Jonathan's meetings with his father are very charged and difficult. Lack of understanding, lack of support, pain and absence are just some of the aspects inherent in the relationship with the father. In one of the moments of the film Jonathan met his father in the street to pass him a letter his mother wrote. His father comes late with his little daughter Zoe. They exchange a few words between them and the father declares that he also has a different life and walks with his little daughter's hand. It is hard to ignore Yonatan's pain, which is also reflected in the director's choice to show Yonatan immediately to obscure his senses and feelings through hard drugs.

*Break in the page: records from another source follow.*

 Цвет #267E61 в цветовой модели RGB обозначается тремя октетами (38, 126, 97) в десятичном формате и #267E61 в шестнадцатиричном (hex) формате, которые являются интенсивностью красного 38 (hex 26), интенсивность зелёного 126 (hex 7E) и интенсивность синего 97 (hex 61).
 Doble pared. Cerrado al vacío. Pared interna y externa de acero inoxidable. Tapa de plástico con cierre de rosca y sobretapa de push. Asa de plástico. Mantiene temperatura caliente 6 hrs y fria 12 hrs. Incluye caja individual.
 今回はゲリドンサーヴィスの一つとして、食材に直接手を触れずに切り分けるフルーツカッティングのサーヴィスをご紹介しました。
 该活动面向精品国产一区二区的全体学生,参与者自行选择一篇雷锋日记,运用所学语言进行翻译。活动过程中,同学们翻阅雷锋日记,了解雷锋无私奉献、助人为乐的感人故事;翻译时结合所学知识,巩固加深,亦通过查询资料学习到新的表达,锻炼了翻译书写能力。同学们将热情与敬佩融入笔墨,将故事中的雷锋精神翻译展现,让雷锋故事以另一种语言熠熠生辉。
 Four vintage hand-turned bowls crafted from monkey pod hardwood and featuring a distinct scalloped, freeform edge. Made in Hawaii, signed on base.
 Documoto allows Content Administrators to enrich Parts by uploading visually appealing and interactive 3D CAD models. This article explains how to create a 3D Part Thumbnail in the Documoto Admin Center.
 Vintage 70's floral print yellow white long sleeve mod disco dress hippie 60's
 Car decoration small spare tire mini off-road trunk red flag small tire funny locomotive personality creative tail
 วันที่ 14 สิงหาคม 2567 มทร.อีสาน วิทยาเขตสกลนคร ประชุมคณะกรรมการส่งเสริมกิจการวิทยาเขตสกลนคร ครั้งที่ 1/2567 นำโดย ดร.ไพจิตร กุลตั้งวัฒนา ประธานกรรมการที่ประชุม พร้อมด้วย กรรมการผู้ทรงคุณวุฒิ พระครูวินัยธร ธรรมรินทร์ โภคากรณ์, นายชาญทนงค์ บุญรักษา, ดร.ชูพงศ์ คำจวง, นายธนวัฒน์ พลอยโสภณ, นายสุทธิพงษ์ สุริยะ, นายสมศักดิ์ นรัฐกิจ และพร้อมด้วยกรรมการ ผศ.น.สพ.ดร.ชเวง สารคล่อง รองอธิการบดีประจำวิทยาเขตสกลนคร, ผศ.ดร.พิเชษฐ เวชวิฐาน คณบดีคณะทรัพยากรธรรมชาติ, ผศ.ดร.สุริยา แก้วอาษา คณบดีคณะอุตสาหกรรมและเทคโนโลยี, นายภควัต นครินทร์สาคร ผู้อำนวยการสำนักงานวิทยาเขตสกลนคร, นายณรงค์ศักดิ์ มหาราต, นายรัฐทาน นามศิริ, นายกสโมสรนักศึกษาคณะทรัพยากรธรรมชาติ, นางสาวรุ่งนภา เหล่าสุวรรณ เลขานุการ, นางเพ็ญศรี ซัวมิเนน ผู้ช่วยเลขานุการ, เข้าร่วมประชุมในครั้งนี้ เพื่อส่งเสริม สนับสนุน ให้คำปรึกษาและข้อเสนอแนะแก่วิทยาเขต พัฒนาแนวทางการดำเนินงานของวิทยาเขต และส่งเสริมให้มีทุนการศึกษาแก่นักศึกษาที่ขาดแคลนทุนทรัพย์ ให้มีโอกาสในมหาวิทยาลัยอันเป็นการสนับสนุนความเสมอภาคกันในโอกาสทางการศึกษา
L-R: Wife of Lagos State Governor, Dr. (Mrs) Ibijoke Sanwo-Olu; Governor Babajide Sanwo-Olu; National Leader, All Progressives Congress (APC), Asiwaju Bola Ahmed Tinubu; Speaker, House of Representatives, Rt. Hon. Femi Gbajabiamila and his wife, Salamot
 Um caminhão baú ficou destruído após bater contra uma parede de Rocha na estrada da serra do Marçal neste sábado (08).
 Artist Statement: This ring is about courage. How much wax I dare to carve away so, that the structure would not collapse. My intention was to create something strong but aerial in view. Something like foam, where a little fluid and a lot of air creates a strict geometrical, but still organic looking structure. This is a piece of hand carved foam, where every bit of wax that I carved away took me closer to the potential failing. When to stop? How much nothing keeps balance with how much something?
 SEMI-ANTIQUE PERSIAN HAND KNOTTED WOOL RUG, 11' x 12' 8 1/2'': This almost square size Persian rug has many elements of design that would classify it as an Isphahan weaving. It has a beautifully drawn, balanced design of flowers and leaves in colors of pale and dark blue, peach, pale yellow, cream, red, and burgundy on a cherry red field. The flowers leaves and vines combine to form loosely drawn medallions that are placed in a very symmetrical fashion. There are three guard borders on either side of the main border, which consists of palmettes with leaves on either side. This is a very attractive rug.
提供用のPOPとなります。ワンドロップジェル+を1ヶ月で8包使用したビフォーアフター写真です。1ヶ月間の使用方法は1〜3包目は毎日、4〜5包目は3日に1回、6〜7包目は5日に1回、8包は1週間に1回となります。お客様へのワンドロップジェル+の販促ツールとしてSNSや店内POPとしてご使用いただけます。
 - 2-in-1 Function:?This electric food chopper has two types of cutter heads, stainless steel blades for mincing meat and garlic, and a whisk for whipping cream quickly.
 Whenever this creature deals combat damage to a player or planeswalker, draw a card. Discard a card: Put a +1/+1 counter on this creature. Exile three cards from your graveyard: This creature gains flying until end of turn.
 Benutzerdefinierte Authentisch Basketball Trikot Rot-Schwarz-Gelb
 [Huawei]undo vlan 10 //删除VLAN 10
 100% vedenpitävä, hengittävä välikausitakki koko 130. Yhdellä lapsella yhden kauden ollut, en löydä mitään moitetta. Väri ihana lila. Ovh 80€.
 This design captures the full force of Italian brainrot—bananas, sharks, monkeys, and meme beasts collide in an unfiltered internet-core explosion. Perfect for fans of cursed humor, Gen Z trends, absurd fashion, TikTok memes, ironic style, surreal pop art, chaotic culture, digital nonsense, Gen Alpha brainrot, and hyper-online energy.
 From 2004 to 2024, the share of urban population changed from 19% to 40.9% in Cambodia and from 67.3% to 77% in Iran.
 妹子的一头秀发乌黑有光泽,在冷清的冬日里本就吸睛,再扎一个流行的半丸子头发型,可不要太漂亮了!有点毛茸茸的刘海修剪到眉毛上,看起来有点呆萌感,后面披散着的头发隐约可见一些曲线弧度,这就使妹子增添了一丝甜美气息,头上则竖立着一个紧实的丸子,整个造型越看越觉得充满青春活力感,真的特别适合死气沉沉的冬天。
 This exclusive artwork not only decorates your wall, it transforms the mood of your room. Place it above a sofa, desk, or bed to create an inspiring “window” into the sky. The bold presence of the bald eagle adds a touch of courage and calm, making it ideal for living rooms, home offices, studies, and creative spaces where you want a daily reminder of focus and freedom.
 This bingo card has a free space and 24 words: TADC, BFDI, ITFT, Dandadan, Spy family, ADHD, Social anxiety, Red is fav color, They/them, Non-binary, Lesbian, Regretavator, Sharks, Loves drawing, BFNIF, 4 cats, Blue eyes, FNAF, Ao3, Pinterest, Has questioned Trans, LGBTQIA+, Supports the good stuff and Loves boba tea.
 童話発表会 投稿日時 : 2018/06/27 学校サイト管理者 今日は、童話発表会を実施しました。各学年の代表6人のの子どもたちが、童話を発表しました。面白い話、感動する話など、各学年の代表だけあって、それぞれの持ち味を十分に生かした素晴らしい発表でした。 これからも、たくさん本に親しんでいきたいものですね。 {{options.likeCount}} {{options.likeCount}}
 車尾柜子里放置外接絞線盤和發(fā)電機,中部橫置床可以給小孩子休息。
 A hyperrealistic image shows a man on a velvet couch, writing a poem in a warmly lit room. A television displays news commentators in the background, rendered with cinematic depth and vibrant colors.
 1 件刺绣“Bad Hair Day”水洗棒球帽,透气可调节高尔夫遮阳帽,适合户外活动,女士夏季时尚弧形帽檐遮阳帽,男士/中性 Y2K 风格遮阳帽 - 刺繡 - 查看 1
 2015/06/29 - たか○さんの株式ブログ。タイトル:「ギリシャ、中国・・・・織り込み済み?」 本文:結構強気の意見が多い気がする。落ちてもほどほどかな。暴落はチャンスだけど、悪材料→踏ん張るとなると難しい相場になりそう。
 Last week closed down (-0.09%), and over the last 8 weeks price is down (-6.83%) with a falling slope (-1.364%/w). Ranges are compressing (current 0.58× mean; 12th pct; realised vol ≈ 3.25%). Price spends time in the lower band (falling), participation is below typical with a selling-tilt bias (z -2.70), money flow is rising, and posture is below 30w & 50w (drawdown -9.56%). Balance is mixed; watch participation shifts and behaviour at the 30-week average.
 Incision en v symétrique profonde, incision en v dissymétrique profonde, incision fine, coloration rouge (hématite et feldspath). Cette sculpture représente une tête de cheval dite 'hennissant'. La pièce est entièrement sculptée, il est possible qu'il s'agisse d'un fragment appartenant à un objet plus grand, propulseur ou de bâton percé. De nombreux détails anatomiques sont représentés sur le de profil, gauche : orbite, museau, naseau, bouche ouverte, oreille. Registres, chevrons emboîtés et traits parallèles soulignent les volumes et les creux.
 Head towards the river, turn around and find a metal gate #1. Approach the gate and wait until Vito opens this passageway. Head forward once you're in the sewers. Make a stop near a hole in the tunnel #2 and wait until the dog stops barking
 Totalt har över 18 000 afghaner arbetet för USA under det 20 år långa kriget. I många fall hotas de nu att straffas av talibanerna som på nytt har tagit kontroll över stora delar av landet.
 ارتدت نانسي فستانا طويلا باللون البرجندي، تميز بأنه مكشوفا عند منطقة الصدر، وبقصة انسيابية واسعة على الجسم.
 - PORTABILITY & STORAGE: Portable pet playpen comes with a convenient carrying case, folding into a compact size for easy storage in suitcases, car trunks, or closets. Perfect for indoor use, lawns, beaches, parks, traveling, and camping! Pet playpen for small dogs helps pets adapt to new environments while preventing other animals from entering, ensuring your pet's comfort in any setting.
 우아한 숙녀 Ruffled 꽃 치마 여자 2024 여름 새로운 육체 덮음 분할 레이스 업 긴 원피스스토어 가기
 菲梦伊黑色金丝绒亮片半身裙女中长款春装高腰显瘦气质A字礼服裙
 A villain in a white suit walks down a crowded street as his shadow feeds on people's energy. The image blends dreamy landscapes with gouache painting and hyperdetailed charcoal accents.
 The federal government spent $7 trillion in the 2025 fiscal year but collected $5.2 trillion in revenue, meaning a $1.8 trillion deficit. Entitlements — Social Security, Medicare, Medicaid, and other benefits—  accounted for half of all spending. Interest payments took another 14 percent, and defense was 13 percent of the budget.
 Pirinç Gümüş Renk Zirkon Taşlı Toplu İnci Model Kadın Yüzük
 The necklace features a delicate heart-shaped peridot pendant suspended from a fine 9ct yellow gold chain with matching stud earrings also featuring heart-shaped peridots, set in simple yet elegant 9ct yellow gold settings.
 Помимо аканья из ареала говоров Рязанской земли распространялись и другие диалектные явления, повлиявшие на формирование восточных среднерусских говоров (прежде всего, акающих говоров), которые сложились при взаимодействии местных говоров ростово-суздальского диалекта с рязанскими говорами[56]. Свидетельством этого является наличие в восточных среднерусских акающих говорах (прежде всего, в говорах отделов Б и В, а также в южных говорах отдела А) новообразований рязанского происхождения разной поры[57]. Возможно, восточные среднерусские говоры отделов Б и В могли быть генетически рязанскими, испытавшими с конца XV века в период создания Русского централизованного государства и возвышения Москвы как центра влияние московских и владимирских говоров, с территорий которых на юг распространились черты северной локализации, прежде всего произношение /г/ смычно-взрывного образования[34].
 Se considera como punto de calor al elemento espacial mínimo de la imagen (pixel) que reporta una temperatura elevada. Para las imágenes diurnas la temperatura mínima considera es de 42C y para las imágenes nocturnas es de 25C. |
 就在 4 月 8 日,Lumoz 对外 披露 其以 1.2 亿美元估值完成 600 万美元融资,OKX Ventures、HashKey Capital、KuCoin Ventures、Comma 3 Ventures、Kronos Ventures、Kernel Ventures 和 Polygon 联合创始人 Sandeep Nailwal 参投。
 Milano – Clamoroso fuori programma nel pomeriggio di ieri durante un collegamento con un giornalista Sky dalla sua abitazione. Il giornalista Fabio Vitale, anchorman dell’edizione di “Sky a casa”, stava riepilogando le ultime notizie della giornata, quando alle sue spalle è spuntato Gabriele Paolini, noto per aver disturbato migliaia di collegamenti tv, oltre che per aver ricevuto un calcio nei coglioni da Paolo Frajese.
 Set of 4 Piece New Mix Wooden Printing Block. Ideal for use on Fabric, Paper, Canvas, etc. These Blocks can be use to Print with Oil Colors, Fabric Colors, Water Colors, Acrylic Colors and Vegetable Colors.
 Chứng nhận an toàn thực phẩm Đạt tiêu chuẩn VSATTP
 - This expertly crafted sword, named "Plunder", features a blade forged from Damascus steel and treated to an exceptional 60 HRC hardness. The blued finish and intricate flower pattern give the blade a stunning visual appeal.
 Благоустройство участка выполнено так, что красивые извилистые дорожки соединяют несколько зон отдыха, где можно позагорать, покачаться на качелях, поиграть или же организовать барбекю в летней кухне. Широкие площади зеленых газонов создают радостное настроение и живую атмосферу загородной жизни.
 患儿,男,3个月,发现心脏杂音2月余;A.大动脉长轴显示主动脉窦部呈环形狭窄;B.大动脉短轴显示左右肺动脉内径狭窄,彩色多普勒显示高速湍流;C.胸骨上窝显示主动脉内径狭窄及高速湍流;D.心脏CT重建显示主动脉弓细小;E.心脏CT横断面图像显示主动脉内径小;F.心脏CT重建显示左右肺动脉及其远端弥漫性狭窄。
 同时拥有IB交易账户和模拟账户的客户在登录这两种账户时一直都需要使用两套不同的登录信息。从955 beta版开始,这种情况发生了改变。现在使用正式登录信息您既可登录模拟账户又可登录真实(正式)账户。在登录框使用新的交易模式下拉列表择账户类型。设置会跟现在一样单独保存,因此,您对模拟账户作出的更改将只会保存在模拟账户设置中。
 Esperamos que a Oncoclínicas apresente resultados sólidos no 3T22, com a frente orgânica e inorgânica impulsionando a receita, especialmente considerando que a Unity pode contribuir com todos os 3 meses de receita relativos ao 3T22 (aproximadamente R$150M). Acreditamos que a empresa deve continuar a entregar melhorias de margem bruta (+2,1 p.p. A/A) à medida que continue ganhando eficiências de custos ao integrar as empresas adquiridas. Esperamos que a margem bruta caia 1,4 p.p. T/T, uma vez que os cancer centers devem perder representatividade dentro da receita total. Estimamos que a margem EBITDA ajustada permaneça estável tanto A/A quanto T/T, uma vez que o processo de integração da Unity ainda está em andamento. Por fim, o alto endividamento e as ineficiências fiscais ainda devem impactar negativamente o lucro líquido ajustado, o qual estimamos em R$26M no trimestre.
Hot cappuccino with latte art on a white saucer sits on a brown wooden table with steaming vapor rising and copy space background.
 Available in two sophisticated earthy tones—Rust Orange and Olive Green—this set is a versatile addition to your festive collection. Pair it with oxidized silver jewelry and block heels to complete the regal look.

Jonathan Agassi Saved Me is a courageous, poignant, daring, uncompromising and sweeping documentary piece that touches deep within the heart and mind. A family and personal portrait that touches delicately and sensitively on a traumatic experience, pain, devotion and total love, containing and not judgmental of a white mother. A film that focuses on blurring boundaries in the relationship between documented documentaries and parents and children. An avant-garde document, original and exciting!
Additional screenings at the Jerusalem Film Festival on Sunday, 05.08.2018, at 22:15.
The Lev Lev Cinema screenings began on 17.08.18.